The Beer Institute has been working for two years with Members of Congress, regulators and allied organizations from dairy farmers to agriculture scientists in order to present a strong economic and scientific argument on this. (The Beer Institute is the national trade association representing brewers of all sizes, beer importers and industry suppliers like hops farmers and can and bottle manufacturers.)
Brewers’ spent grain exist as a natural and necessary result of the brewing process. For centuries, brewers, large and small, have disposed on their spent grain by giving or selling them to farmers and ranchers. This recycling process supports community green initiatives,
We will continue looking into this issue and will likely file additional comments in this new comment period.
Background on Brewers’ Spent Grain
- In 2012, U.S. brewers produced approximately 2.7 million tons of spent grains from brewing.
- The vast majority of spent grains used as animal feed are produced, distributed and consumed within 24 hours.
- Archaeological findings suggest that the practice of farmers feeding their animals spent grains supplied by brewers dates back to the Neolithic Era – making this relationship literally prehistoric.
- Brewers market their grains wet. It is impractical and capital intensive to dry and package spent brewers grains.

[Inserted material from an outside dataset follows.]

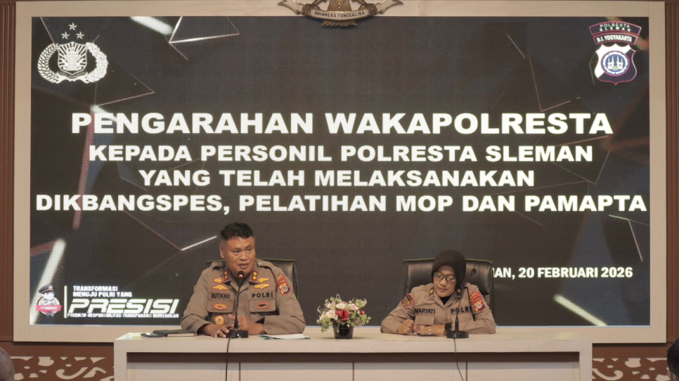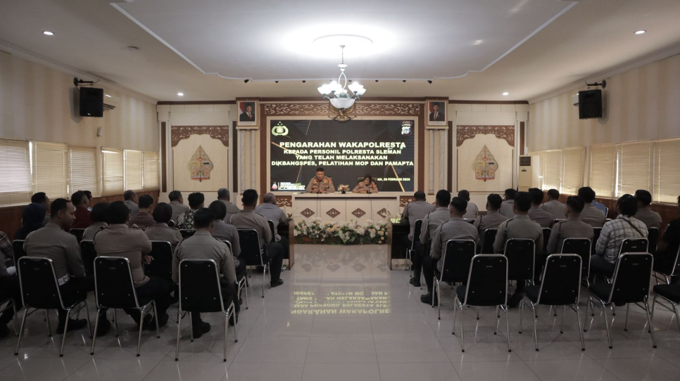 Sleman - Dalam rangka meningkatkan profesionalisme serta optimalisasi kinerja organisasi, Polresta Sleman menggelar kegiatan Arahan Pimpinan kepada personel yang telah melaksanakan Pendidikan Pengembangan Spesialisasi (Dikbangspes). Kegiatan ini dilaksanakan sebagai bentuk tindak lanjut atas pendidikan yang telah diikuti personel guna mendukung pelaksanaan tugas kepolisian yang semakin kompleks.Kegiatan dipimpin oleh Wakapolresta Sleman, Sutikno, serta didampingi oleh Kabag SDM Sumaryati. Arahan tersebut diikuti oleh seluruh personel Polresta Sleman yang telah menyelesaikan Dikbangspes di berbagai bidang fungsi kepolisian.

- The qualities of barley needed to brew beer exceed existing FDA standards for human consumption. In order to malt the barley for the purpose of brewing, the grains must meet exacting standards, and tested in the field – often as closely as acre-by-acre.
On March 31, 2014, the Beer Institute filed joint comments with the American Malting Barley Association in order to protect a centuries-old and environmentally-conscious practice of brewers marketing their brewers’ grain to local animal producers. Please click here to view the comments. On November of 2013, the Beer Institute filed two additional comments with the FDA regarding proposed FSMA regulations. The first comment, filed jointly with the Brewers Association, asked the FDA to add hops to the list of produce that is exempt from regulation under FSMA because hops are not consumed raw and are quite safe.
The American Malting Barley Association again joined the BI in our second letter last November – asking the FDA to exempt brewers’ spent grain from FSMA regulation for human food because they are safe and merely the byproduct of brewing.
The Beer Institute will continue following all developments with the FSMA and any proposed regulations that may impact U.S. brewers.
The Beer Institute is the national trade association for the American brewing industry, representing both large and small brewers, as well as importers and industry suppliers. First founded in 1862 as the U.S. Brewers Association, the Beer Institute is committed today to the development of sound public policy and to the values of civic duty and personal responsibility: www.BeerInstitute.org. Connect with us @BeerInstitute and on Facebook.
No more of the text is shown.